Yu. Ya. Reutov, A. V. Mikhailov, L. V. Mikhailov

A MATRIX EDDY CURRENT TRANSDUCER USING SURFACE MOUNT INDUCTORS

The paper reports the results of testing the by us developed detachable matrix eddy current transducer designed to detect discontinuities on the surface of thin (tens of micrometers) inspected conductive objects, in particular, electrically conductive coatings of aircraft fuel tanks. The transducer can be useful for other applications, e.g. magnetic tomography.
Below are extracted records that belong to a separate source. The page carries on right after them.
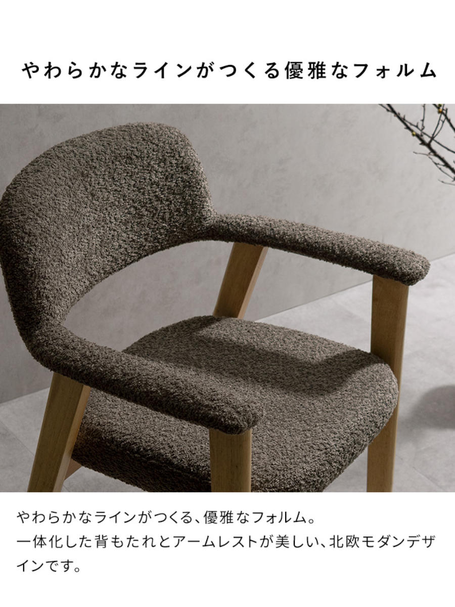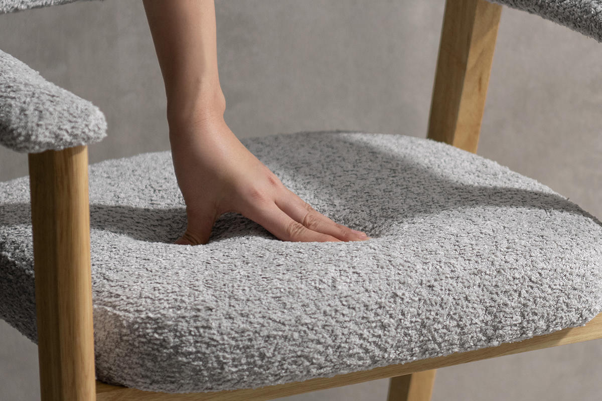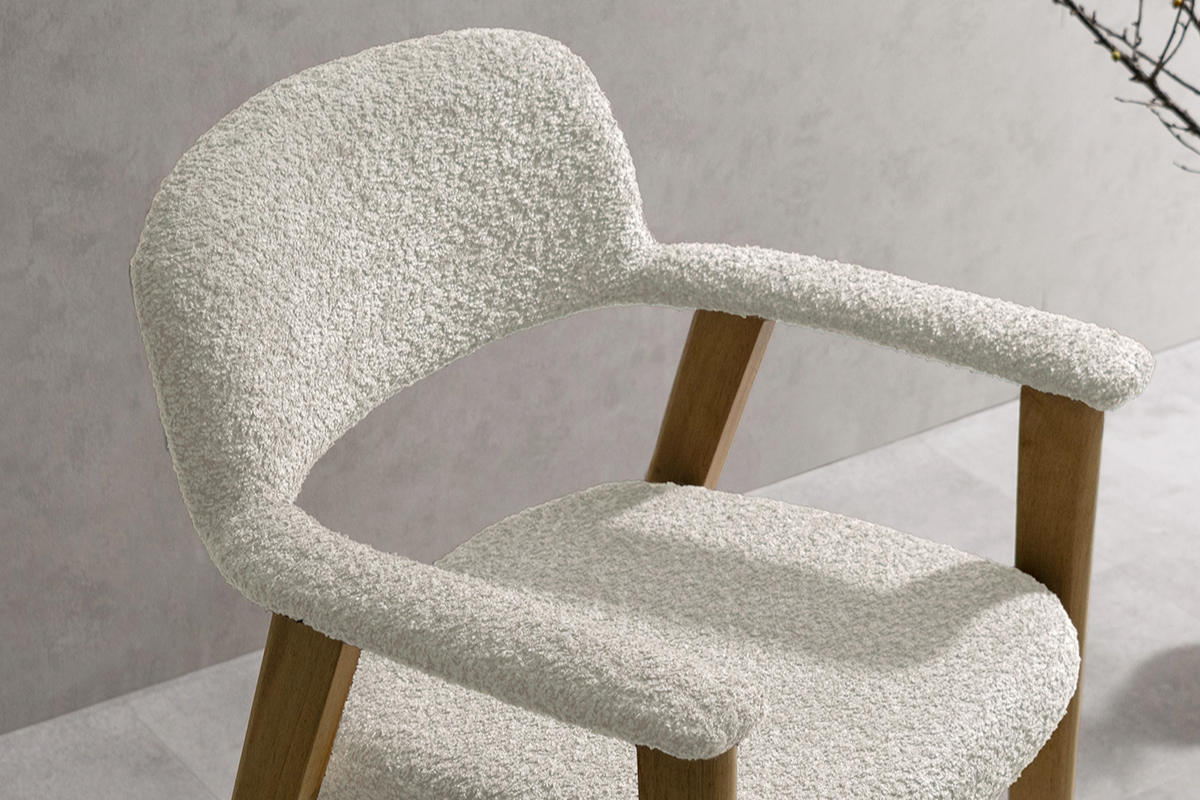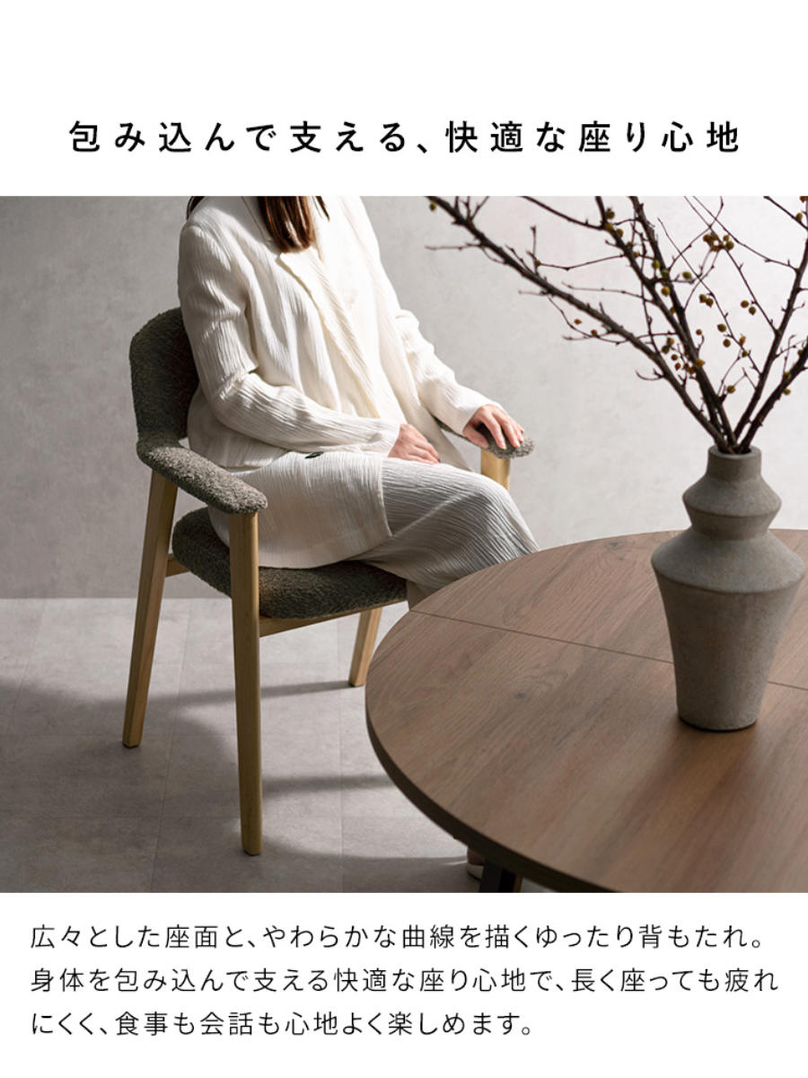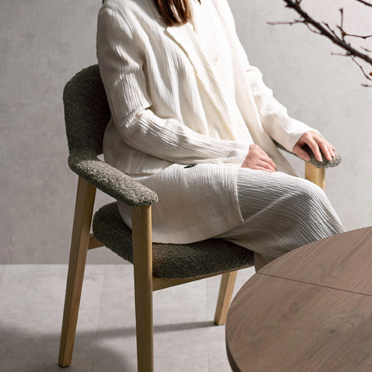 温かみのある天然木フレームと、光の角度で豊かな表情を見せるブークレ生地が、上質な空間を演出します。日常の食卓を、より優雅で心地よいひとときへと導きます。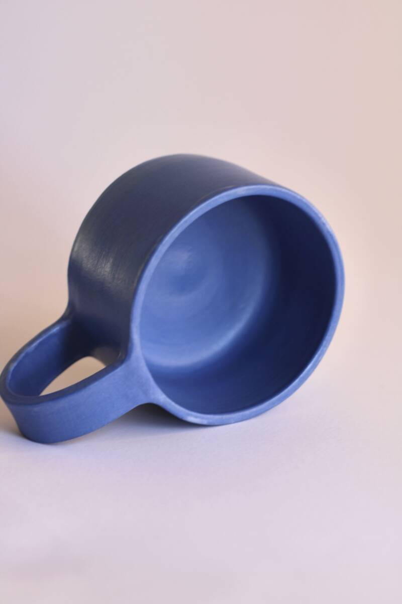 handgedraaid steengoed kopje met breed, plat oor. gemaakt van witte klei. geglazuurd met blauw onderglazuur met daar overheen mat transparant glazuur.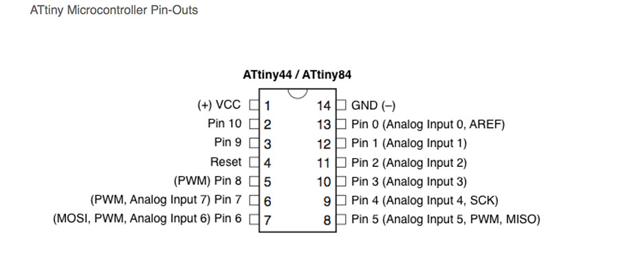 To burn the bootloader, i needed to identify the port in wich the FTDI cable was pluged, then in the tool tab, begin to set the information, board, processor, port, clock and programmer. Then I wanted the led light always on and turn it off every time I pressed the button. For that I looked for the table of equivalences between the ATtiny and the Arduino, so I can choose the right pins. After that I made the code on the Arduino IDE and test the board.
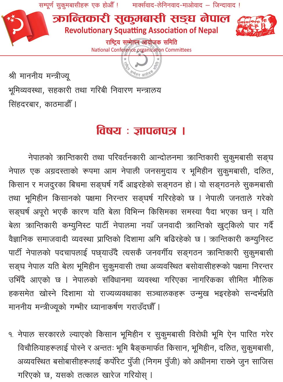 ज्ञापनपत्रमा भनिएको छ, ‘नेपालको क्रान्तिकारी तथा परिवर्तनकारी आन्दोलनमा क्रान्तिकारी सुकुमबासी सङ्घ नेपाल एक अग्रदस्ताको रूपमा आम नेपाली जनसमुदाय र भूमिहीन सुकुमबासी, दलित, किसान र मजदुरका बिचमा सङ्घर्ष गर्दै आइरहेको सङ्गठन हो । यो सङ्गठनले सुुकमबासी तथा भूमिहीन किसानको पक्षमा निरन्तर सङ्घर्ष गरिरहेको छ । नेपाली जनताले गरेको सङ्घर्ष अपूरो भएकै कारण यति बेला विभिन्न किसिमका समस्या पैदा भएका छन् । यति बेला क्रान्तिकारी कम्युनिस्ट पार्टी नेपालमा नयाँ जनवादी क्रान्तिको खुट्किलो पार गर्दै वैज्ञानिक समाजवादी व्यवस्था प्राप्तिको दिशामा अगि बढिरहेको छ । क्रान्तिकारी कम्युनिस्ट पार्टी नेपालको पदचापलाई पछ्याउँदै त्यसकै जनवर्गीय सङ्गठन क्रान्तिकारी सुकुमबासी सङ्घ नेपाल यति बेला भूमिहीन सुकुमवासी तथा अव्यवस्थित बसोवासीहरूको पक्षमा निरन्तर उभिँदै आएको छ । नेपालको संविधानमा व्यवस्था गरिएका नागरिकका सीमित मौलिक हकसमेत खोस्ने दिशामा यो राज्यव्यवथाका सञ्चालकहरू उन्मुख भइरहेको सन्दर्भप्रति माननीय मन्त्रीज्यूको गम्भीर ध्यानाकर्षण गराउँदछौँ ।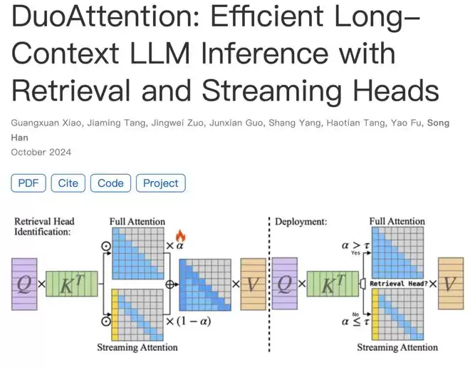 他和团队提出了DuoAttention,结合检索与流式注意力头,实现高效推理。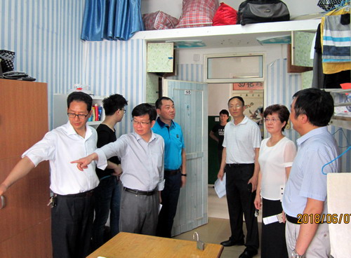为落实《九江学院校园环境卫生专项整治活动》要求,检查本学期宿舍落实校园环境卫生专项整治工作成果,部署下阶段宿舍环境卫生综合整治的具体工作,以良好的宿舍环境迎接本科预评估专家组进校检查,6月7日下午,王万山副校长在学生处、学生宿舍管理中心负责同志的陪同下,带领主校区各二级学院党委书记对主校区学生宿舍环境卫生进行了全面检查。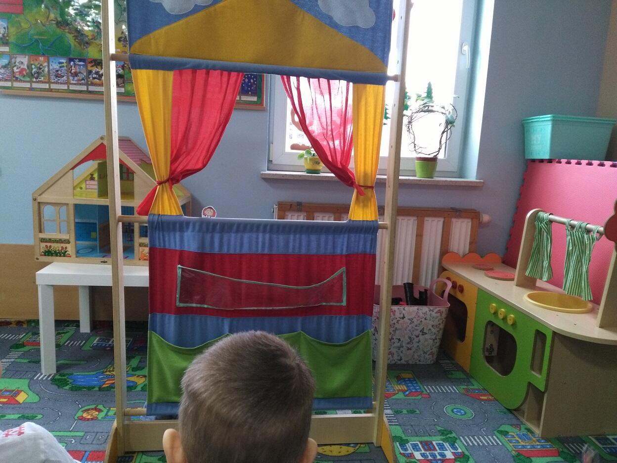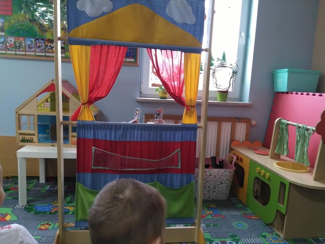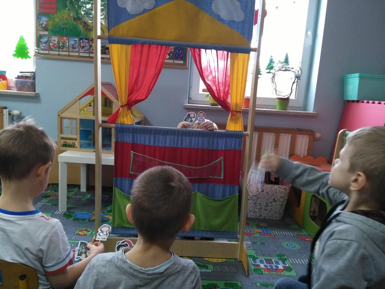 Podczas naszego odpoczynku poobiedniego postanowiliśmy pobawić się w widzów i aktorów. Dzieci przygotowały podczas zajęć małe kukiełki, umieszczone na wykałaczkach, które wykorzystaliśmy do zabawy w teatr. Dzieci tworzyły dowolne dialogi dla postaci z bajek, rozwijając przy tym słownictwo i własną kreatywność. Każde z dzieci przygotowało w małych grupach swoje role, które odegrali na "deskach" naszego przedszkolnego teatrzyku. Bawiliśmy się wspaniale, niektóre role rozbawiły nas niemal do łez.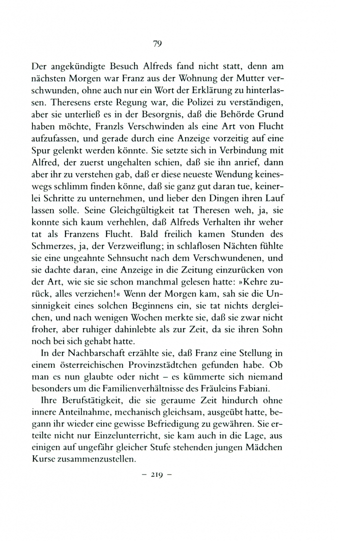 Therese Fabiani ist »eine Gestalt, die von den Lesern ständige Hellhörigkeit und Aufmerksamkeit fordert«. (Ruth Klüger) Tochter eines Offiziers, der geisteskrank stirbt, und einer Mutter, die sie schon früh an einen Adligen verkuppeln will, behält sie das Gefühl, im letzten immer allein zu sein. Ihr Leben ist zum Scheitern bestimmt. Arthur Schnitzler gibt ihr jedoch als einziger der wenig charaktervollen Figuren eine Entwicklung ins Positive. Dieser Roman spiegelt die Situation des Vorkriegsösterreich, das »eine Vergangenheit hat, aber keine Zukunft«.

The device consists of 32 miniature inductors series-produced by the electronic industry and allowing you to cover an 80 mm wide band with a 2.5 mm wide test path. The use of inductance coils as magnetic receivers is due to the small thickness of the coatings to be tested. With this thickness, testing is effective only at an operating frequency of hundreds of kilohertz. Otherwise, the sounding magnetic field will not be reflected from the item under inspection. At these frequencies, modern microelectronic magnetic field sensors are inoperable. Scanning was carried out at an operating frequency of about 100 kHz. The scan results were displayed on the monitor of the personal computer. By selecting the operating frequency, the information content of the examination can be increased. The transducer detects the pattern of the copper foil of glass textolite both on the foil side and on the reverse side when the material thickness is 1.5 mm. The foil pattern is also detected through an aluminum foil gasket with a thickness of more than 10 μm. Steel plate surface discontinuities have also been detected, and this can be of interest for in-tube flaw detection. Cheap serial inductors designed for surface mounting take up a minimum of space on the printed circuit board and provide higher inspection resolution compared to coils obtained by printing. The scanning step (2.5 mm) achieved in this device is unique to matrix eddy current transducers. The study demonstrates the practicality and efficiency of using serial miniature inductors in eddy current testing.

Acknowledgments: The reported study was funded by the Ministry of Science and Higher Education of the Russian Federation (theme Diagnostics, No. 122021000030-1).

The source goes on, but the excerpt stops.